2. IMMEDIATELY ESCALATE to the database team and the network team. This is not an application-level issue.
3. Check the status of the Cloud SQL/RDS instance in the cloud provider console.

Alert: `RedisCacheUnreachable` (P2)¶

Meaning: The AuthService cannot connect to the Redis cache. Performance will be severely degraded, and database load will be high.
Initial Diagnosis:
1. Logs will show "failed to connect to redis" errors.
2. Ping the Redis host from an application pod.
Resolution Steps:
1. Follow the disaster recovery plan for the Redis cluster.
2. If the cache cannot be recovered quickly, as a last resort, disable caching via the feature flag environment variable (CACHE_ENABLED=false) and perform a rolling restart of the AuthService. Warning: This will significantly increase database load. Monitor the database closely.

5. Standard Operating Procedures (SOPs)¶

How to Roll Back a Deployment:

# See the history of deployments
kubectl rollout history deployment/auth-service -n production

# Roll back to the previous version
kubectl rollout undo deployment/auth-service -n production

6. How to Run Unit and Integration Tests¶

To run the unit and integration tests for the Auth Service, navigate to the src/services/auth-ts directory and execute the following commands:

cd src/services/auth-ts
npm install
npm test

This will execute all tests defined in the project and report the results.

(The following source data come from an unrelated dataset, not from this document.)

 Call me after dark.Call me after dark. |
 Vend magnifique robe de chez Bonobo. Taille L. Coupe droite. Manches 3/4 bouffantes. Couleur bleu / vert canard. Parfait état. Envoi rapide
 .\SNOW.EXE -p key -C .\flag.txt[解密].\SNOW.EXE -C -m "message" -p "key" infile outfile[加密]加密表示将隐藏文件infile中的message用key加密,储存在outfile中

7. How to Build and Deploy¶

Building the Auth Service¶

To build the Auth Service for production, navigate to the src/services/auth-ts directory and run:

cd src/services/auth-ts
npm install
npm run build

This will compile the TypeScript code into JavaScript and place the output in the dist directory.

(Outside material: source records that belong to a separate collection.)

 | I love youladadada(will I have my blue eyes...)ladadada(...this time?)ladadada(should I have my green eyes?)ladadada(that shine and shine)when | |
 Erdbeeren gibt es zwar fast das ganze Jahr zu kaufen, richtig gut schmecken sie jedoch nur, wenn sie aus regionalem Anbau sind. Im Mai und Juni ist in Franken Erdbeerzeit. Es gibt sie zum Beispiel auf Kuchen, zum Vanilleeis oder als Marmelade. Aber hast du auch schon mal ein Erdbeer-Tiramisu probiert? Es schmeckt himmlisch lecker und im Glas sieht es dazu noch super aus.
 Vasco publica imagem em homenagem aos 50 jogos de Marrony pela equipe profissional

Deploying the Auth Service¶

The Auth Service is containerized and deployed to Kubernetes.

Manual Deployment (for emergencies or specific environments):

Ensure the service is built (see "Building the Auth Service" above).

Build the Docker image:

docker build -t your-registry/auth-service:latest .
docker push your-registry/auth-service:latest

Apply the Kubernetes manifests:

kubectl apply -f k8s/auth-service-deployment.yaml
kubectl apply -f k8s/auth-service-service.yaml

For automated deployments, refer to the CI/CD pipelines (e.g., services-ci.yml in .github/workflows).